---- Source data

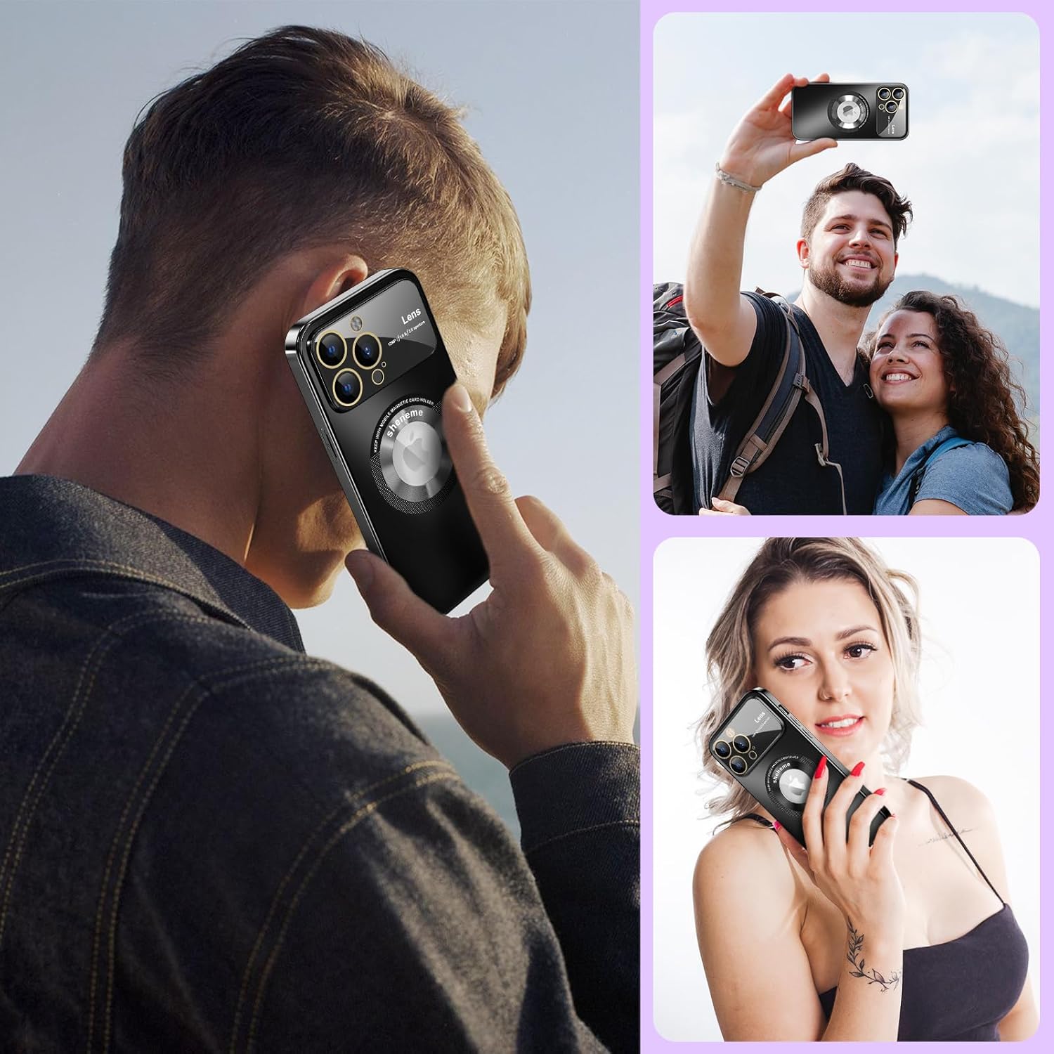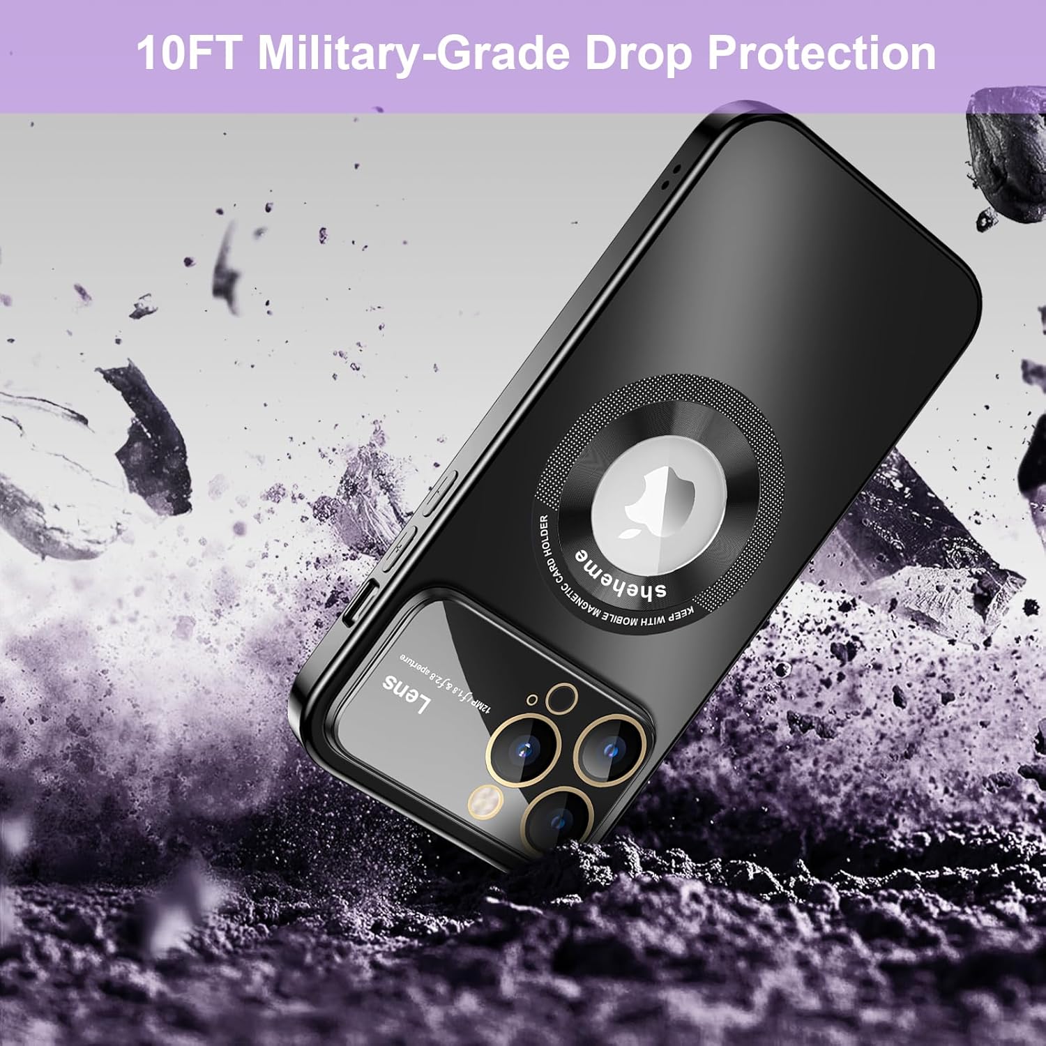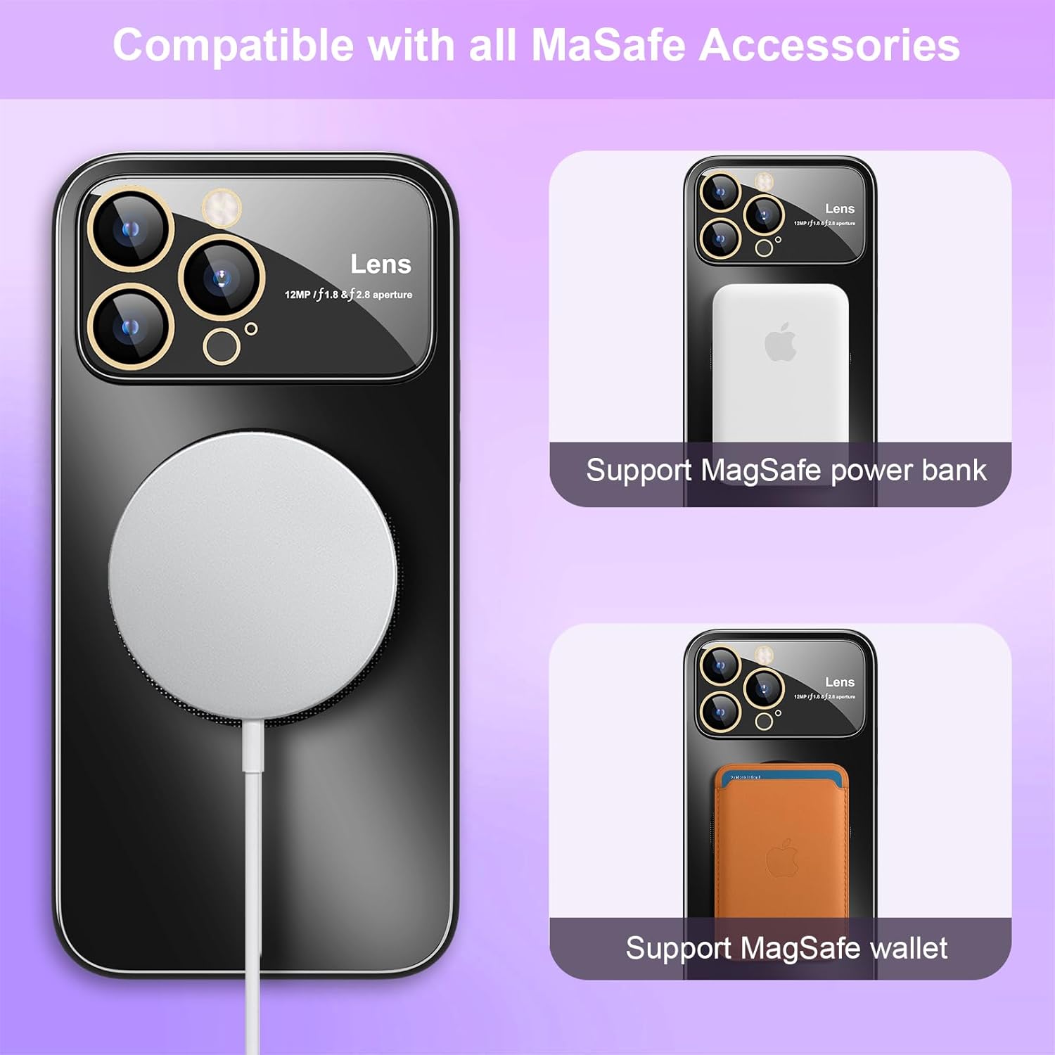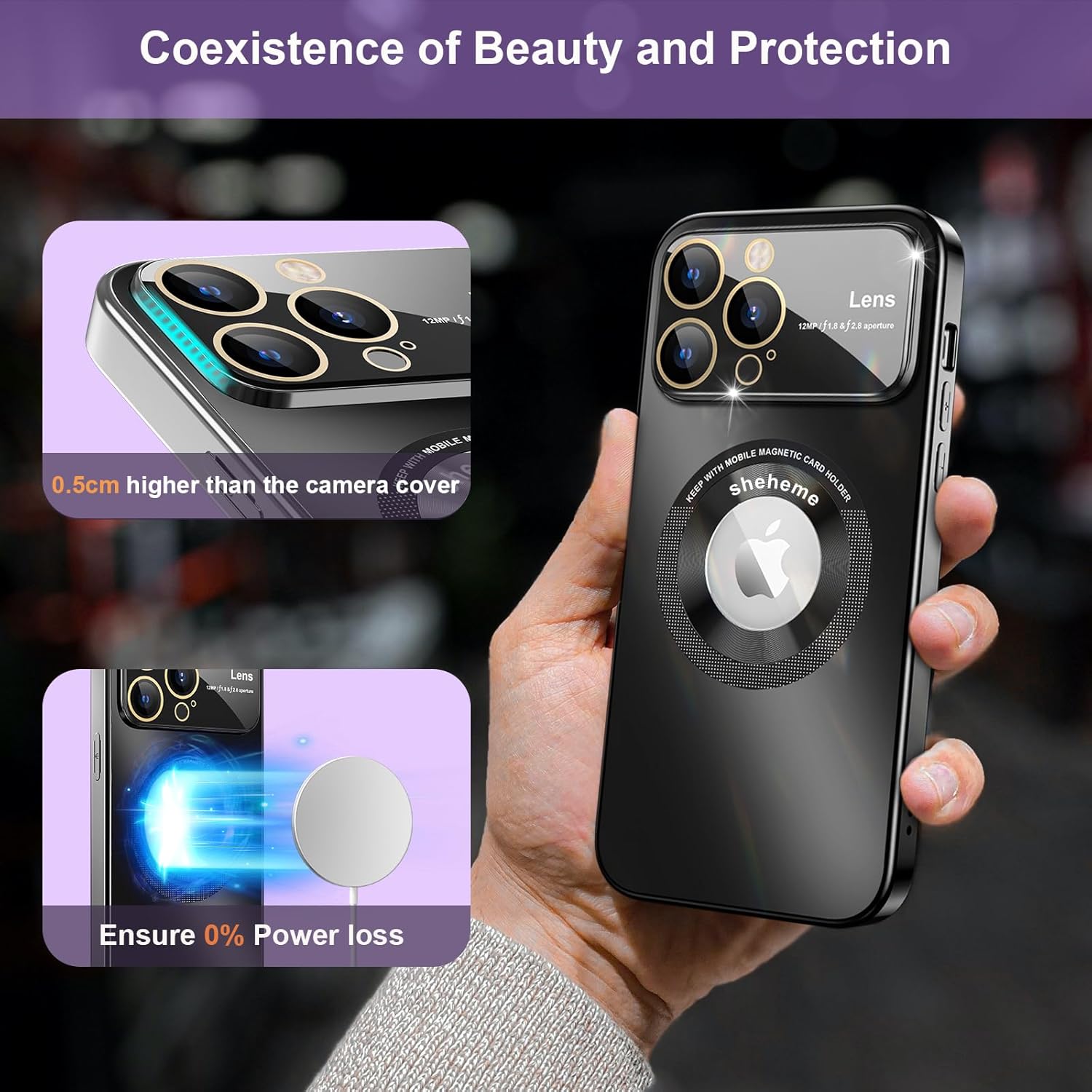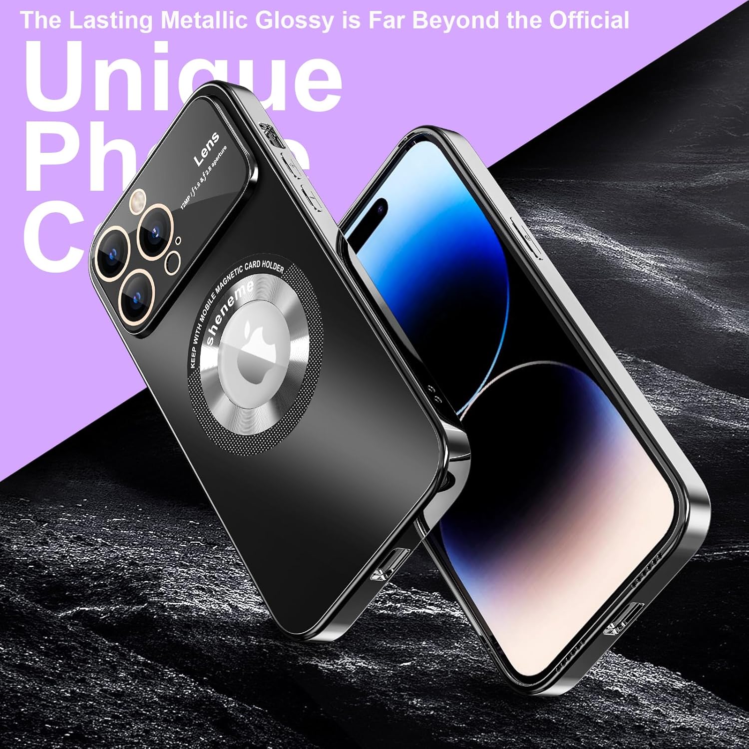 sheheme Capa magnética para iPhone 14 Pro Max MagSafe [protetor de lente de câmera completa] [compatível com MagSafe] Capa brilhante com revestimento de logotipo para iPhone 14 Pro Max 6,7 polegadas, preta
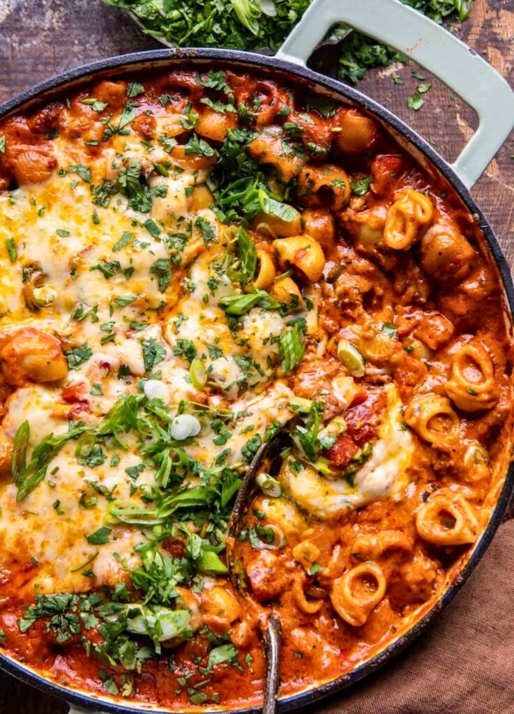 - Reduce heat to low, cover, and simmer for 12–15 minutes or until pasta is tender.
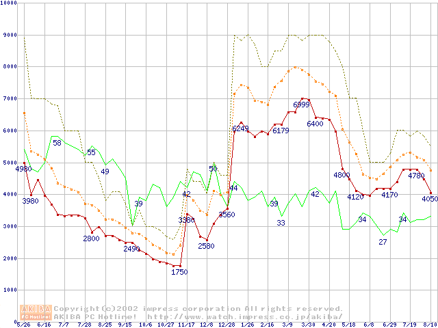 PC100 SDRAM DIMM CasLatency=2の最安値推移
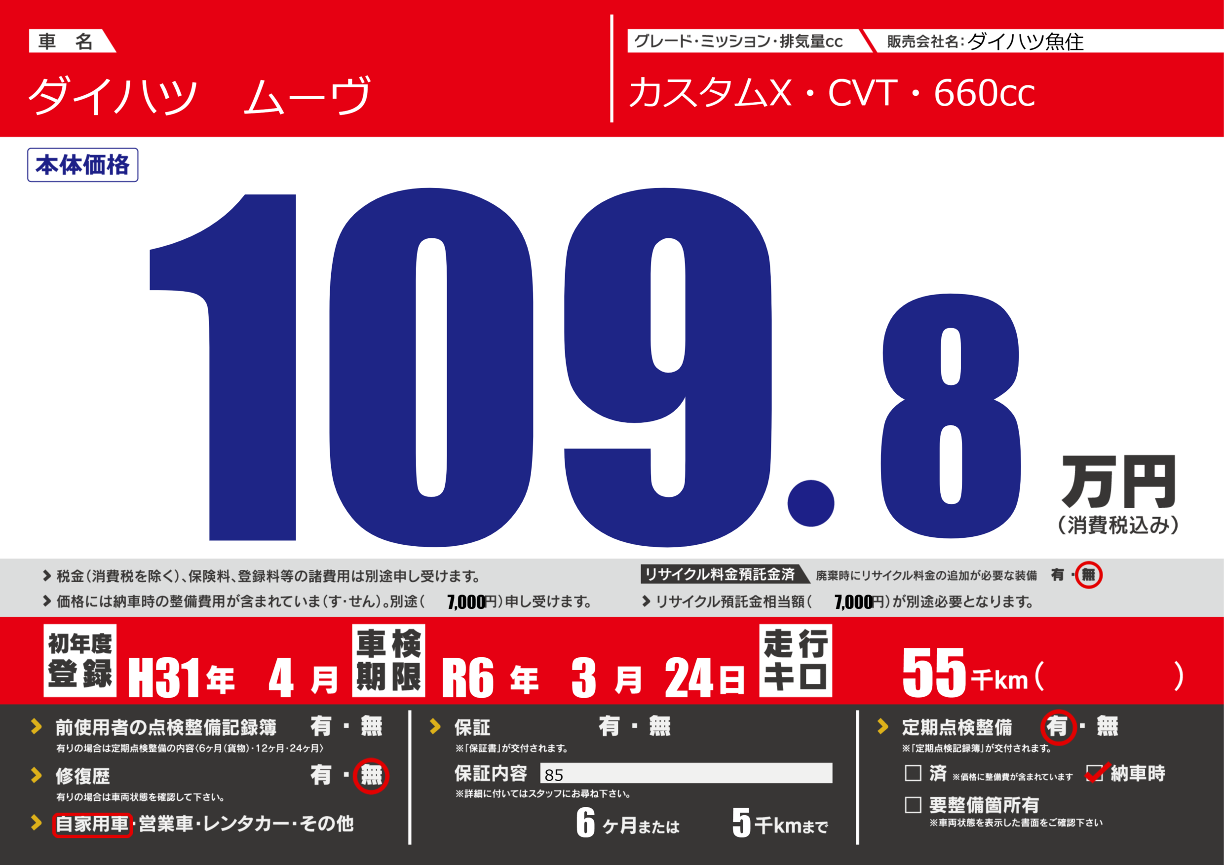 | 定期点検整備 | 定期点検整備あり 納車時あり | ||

--------

• **Exercise brief**: Beginning with the line containing "PC100 SDRAM DIMM CasLatency=2の最安値推移" and ending with the last line of the data, output those lines exactly and nothing more. Omit every picture.

• **Answer space**:
 PC100 SDRAM DIMM CasLatency=2の最安値推移
 | 定期点検整備 | 定期点検整備あり 納車時あり | ||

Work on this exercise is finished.